After one such dinner party, the Camanchaca, a freezing cloud, descended as he and a colleague returned across the Pampa to his oficina. Doubtless they had enjoyed a good few whiskies and Pisco Sours. The Camanchaca was as dense as the fogs of his Glasgow origins but made him twice as wet. They could barely see a foot ahead, and lost sight of the tracks home. Fearing the prospect of sleeping rough, prey to the ice cold and bandits, they learned a valuable lesson: the horses would not pause for a moment. They knew their own way home to the stable.
In December that year, after a series of quick promotions, Kenneth saved enough to buy his own independent transport: a horse, for £13, three-quarters of a month’s pay. Two years later, by his mid-twenties, another promotion won him the top job at an oficina. A ‘company horse’ was part of the package. Stables and a groom were thrown in gratis.

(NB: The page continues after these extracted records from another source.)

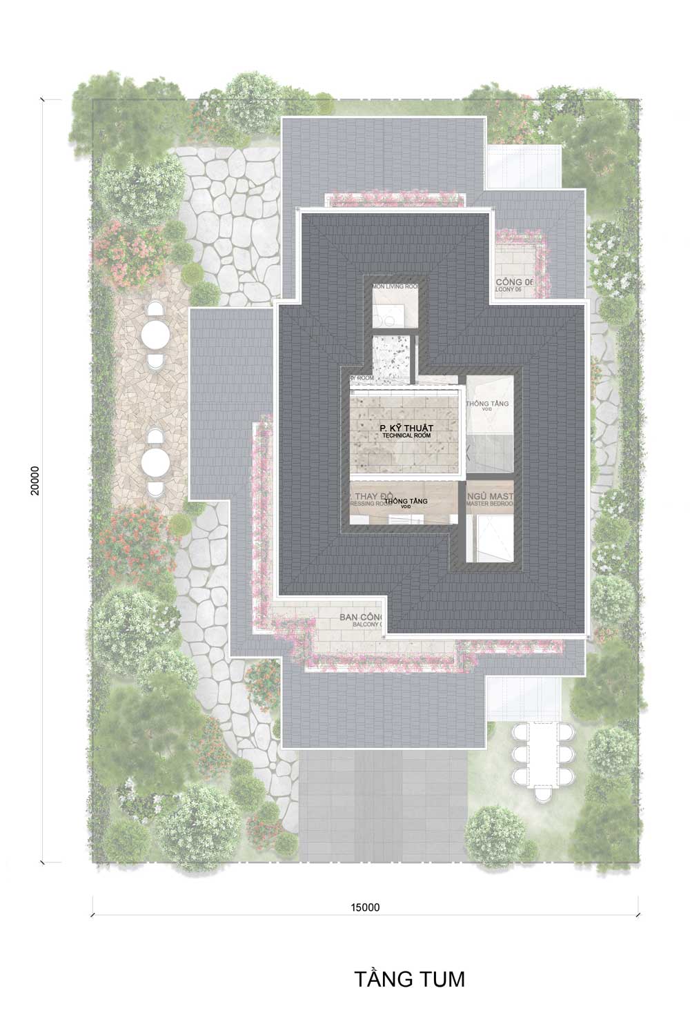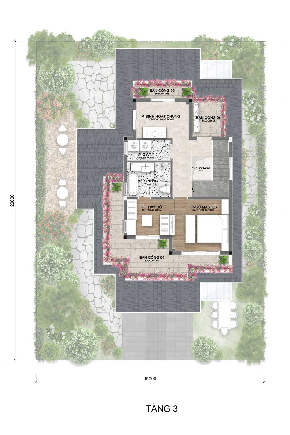 Thiết kế riêng tư với phòng ngủ master rộng rãi, có phòng thay đồ và vệ sinh khép kín. Khu sinh hoạt chung đặt gần thông tầng giúp đón sáng và tạo sự kết nối không gian. Ngoài ra, tầng này còn bố trí phòng giặt tiện lợi cùng nhiều ban công xanh mát, mang lại cảm giác thư giãn và gần gũi thiên nhiên.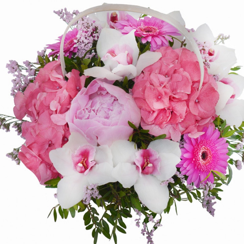 Гербера, Гортензия, Лимониум, Орхидея, Пион |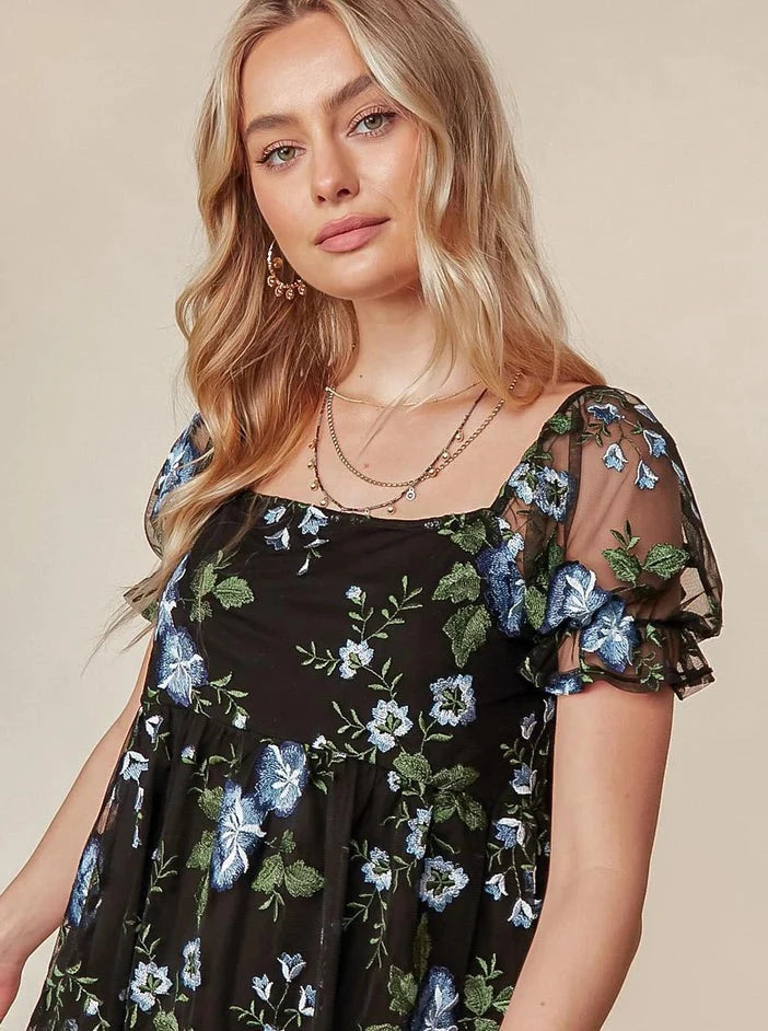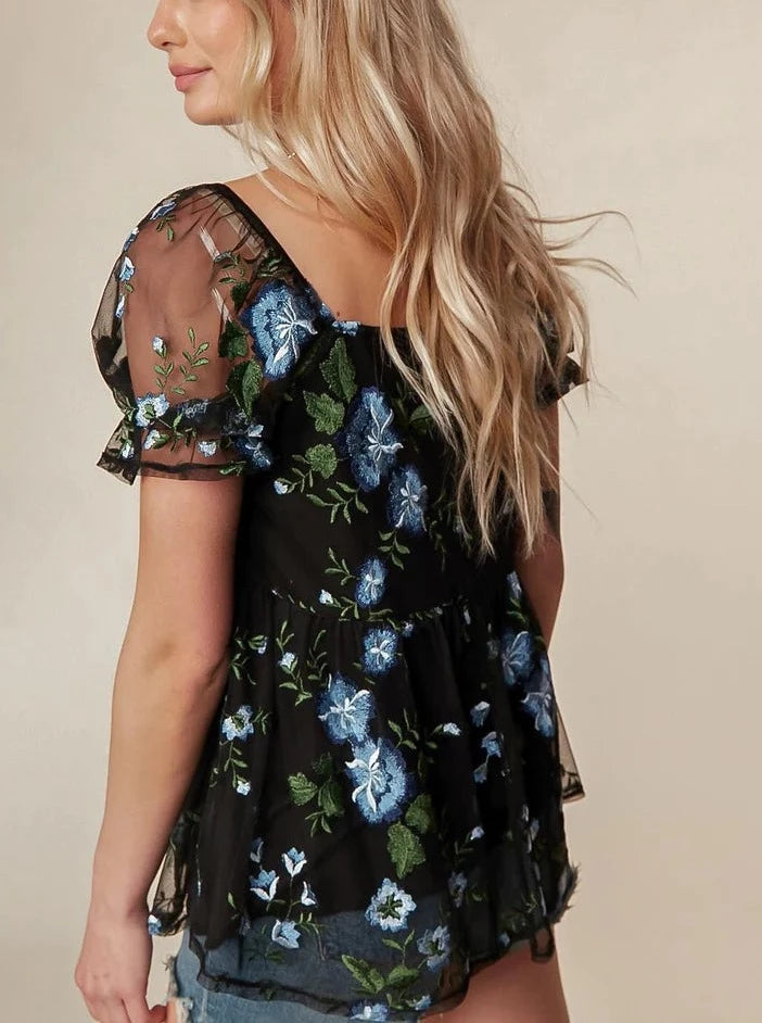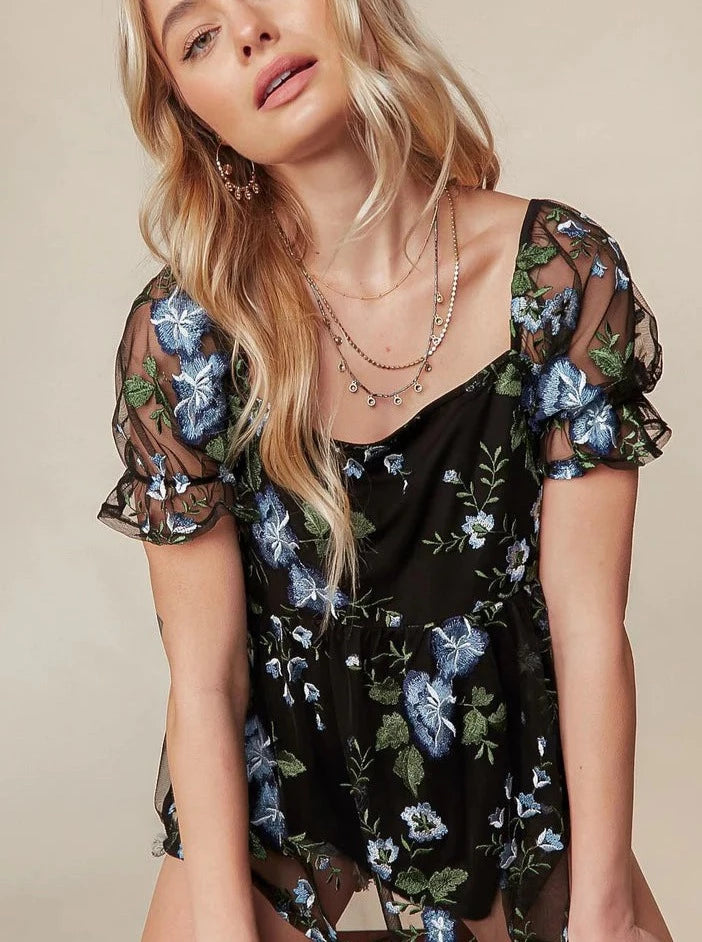 FLORAL EMBROIDERED BABYDOLL WOVEN TOP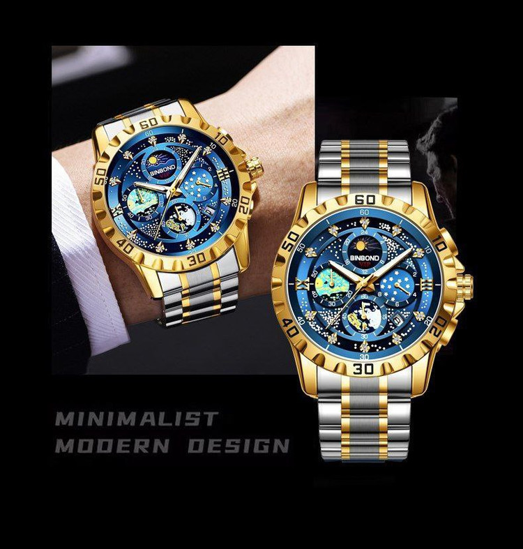 ساعت مردانه ، بین باند الماسی نو اصل چین ، نمایش روز ماه ، صفحه کهکشانی، برند شرکتی ، دارای روزشمار ، کرنوگراف، بند فولادی ضد زنگ ، ضد آب ، رنگ ثابت ، قفل کلیپسی، موتور کوارتز شرکتی

He sold his own horse, upgrading to the early twentieth century equivalent of a sports car: a so-called Polo ‘Pony,’ a full-sized thoroughbred. He played polo, his favourite sport, every Sunday morning in the dust of the Atacama Desert. Polo had been a vital training technique for cavalry from around the sixth century BC in Persia, but it had only spread to Britain through the British army in India in 1866 so was a relatively young sport.[1] An expensive pastime, it was played by the British aristocracy and their wealthy imitators the industrialist class, but like many in colonial settings, Kenneth and his work colleagues could also afford the trappings of wealth.

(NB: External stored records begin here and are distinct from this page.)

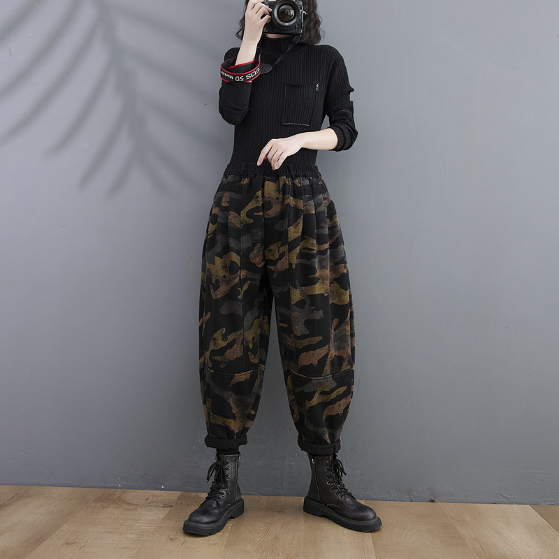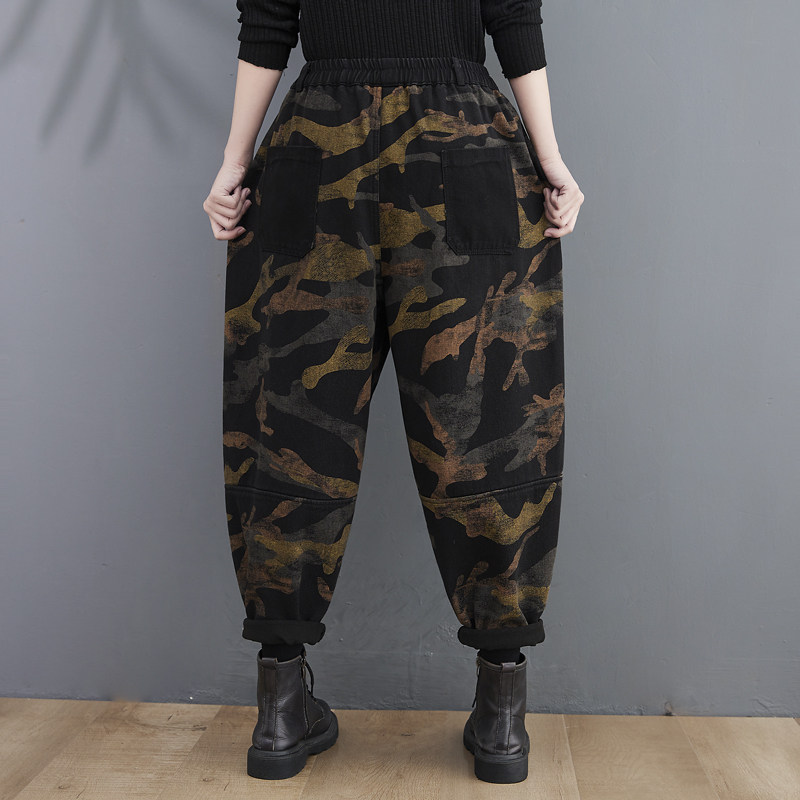 Ретро осенние джинсы, штаны, леггинсы, приталенный фонарь, свободный крой, большой размер, высокая талия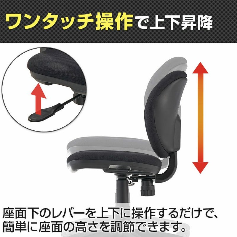 座面下のレバーを上下に操作するだけで、簡単に座面の高さを調節できます。デスクや体格に合わせた高さに調節することで、目の疲れ・肩こり・腰痛を軽減します。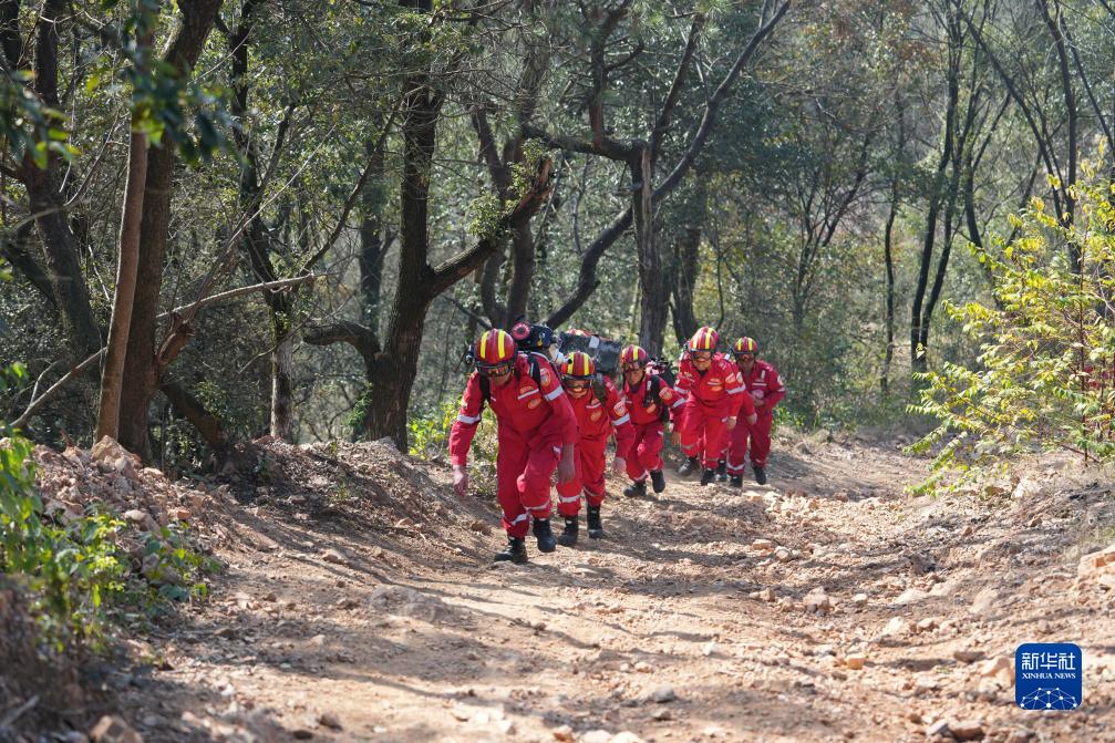 12月7日,在長沙岳麓山風景名勝區桃花嶺景區,森林消防員在演練中巡山查找隱患點。

Kenneth and Alice at the Oficina, circa 1922. Copyright Ann Vinden
My grandmother, Alice, was born in Chile in 1881. She learned to ride and, as a young woman, rode as competently as the men, although always side saddle. She and Kenneth’s first flirtations began with a ride in the desert together.
Naturally, their children also learned to ride. They were put on a horse as pre-schoolers, and my aunt Kitty is pictured here on a pony named ‘Poroto’ - Spanish for ‘Bean.’ My mother still remembers being told off for playing with the tiny young groom who looked after Poroto. He was the son of a migrant worker: his father might have come from Bolivia, Southern Chile, Peru, or Argentina. They were a multinational workforce managed in the main by the British or. occasionally, other Europeans. The boundaries of the work hierarchy, of class, education and thereby - to some extent – race, were critical in managing control by the few over the many.

Kenneth photographs his eldest, Kitty, on Poroto, with traditional Chilean stirrups. The tiny groom, at his post, remains nameless. Copyright Ann Vinden
Ten years later in England, at the start of the First World War, my 19-year-old paternal grandfather Joe joined up and was quickly promoted to an officer post in the Suffolk Regiment and given his own war horse. After the War, having survived the Battle of the Somme, he became a career soldier and always had his own horse. In 1937, the War Office issued him with a Manual of Horsemastership. The Manual covered everything, even how to saddle, pack and ride a camel - that ‘horse designed by committee’[2].

Manual of Horsemanship issued by the War Office in 1937. Copyright Ann Vinden
The earliest picture I can recall of his son, my father, has him in India, seated on a war horse - a good 15-hander - straight-backed, confidently holding the reins, a servant holding the nose band. He must have been about three years old.
For me, as a child in Hertfordshire, contact with horses was largely thanks to the dwindling horse-drawn trades, the rag-and-bone man, milkman and coal men trundling their horses and carts down the road. My favourite horses, though, were the huge heavy horses that would plod slowly along the tow-path of the nearby river, dragging barges down to London and coal upstream to the power station. They would be unhitched from their load near the end of our road and while we watched in awe – and at a safe distance - were walked over the bridge to the other riverbank to continue their journey, their massive collars rattling with horse brasses.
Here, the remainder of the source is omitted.